With health departments at the state and local level, the United States need consistent data to identify trends, track benchmarks and implement solutions at national, state and local scales. The Behavioral Risk Factor Surveillance System (BRFSS) is a critical part of the standardization process. The BRFSS is implemented by all states, the District of Columbia, and three territories with oversight and assistance from the Centers for Disease Control and Prevention (CDC). These state-based telephone surveys collect information about individual risk behaviors and preventive health practices affecting the major causes of morbidity and mortality. To make the most of this data, however, the collection and evaluation needs to be standardized.

The Approach

To help public health departments collect—consistently--the high quality data they need to improve programs and services,  Abt adheres to all CDC BRFSS protocols. We frequently provide our clients with statistical support, including complex sampling designs, weighting, and small area estimation.
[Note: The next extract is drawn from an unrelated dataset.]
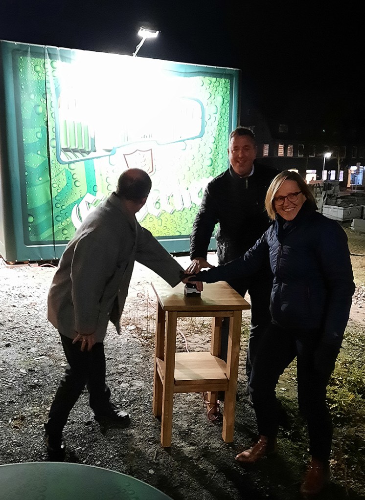 Für die einen ist es die größte Bierkiste Niedersachsens, für andere die schönste Hülle um eine Trafostation und für manche auch der markanteste Baustellenbau Einbecks: Auf dem Neustädter Kirchplatz vor den Toren der Brauerei ist jetzt ein überdimensionaler Bierkasten der Sorte Brauherren Pils ein Hingucker am Tage und dank Beleuchtung auch abends und in der Nacht. Brauhaus-Vorstand Martin Deutsch, Stadtwerke-Geschäftsführer Bernd Cranen und Bürgermeisterin Dr. Sabine Michalek drückten heute nicht nur symbolisch den Lichtschalter für die Einbecker-Bierkiste XXL.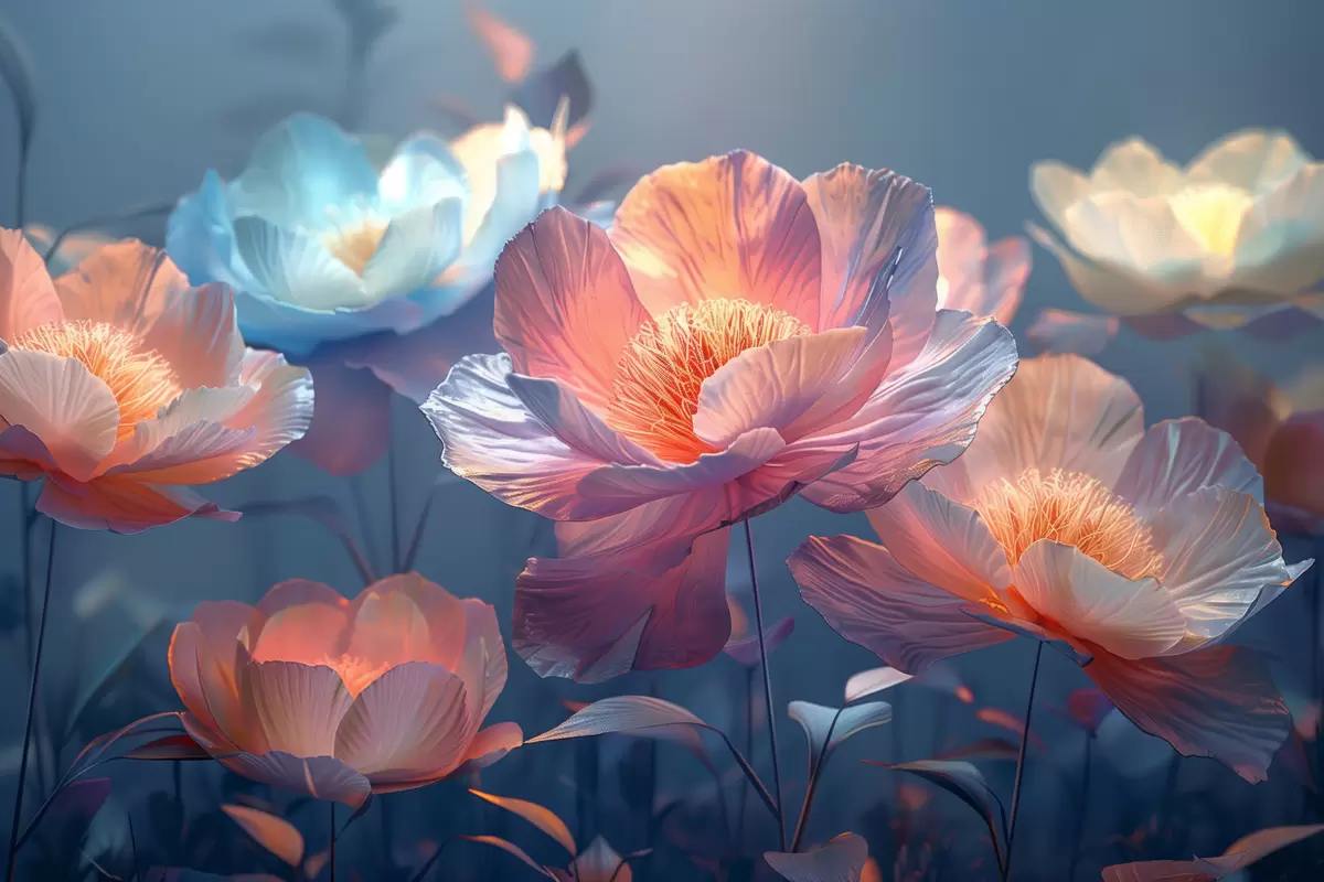 Wandbilder Zauberhafte Mohnblumen mit blauer Färbung s40958

We assist with questionnaire development, create public use data files, write public use reports, build dashboards and web query tools, and conduct point-in-time surveys on various topics such as asthma, tobacco and child health.

The Results

Because BRFSS data are high quality, accurate and collected consistently in every state, researchers are able to identify trends to help adults nationwide. For example, data we’ve collected has been used to demonstrate that: 

  • Over half of rural adults with arthritis have an arthritis-attributable activity limitation;
  • Transgender adults are significantly more likely to be uninsured; and
  • Increasing physical activity and reducing smoking could provide adults with depression a higher life expectancy and quality-adjusted life expectancy.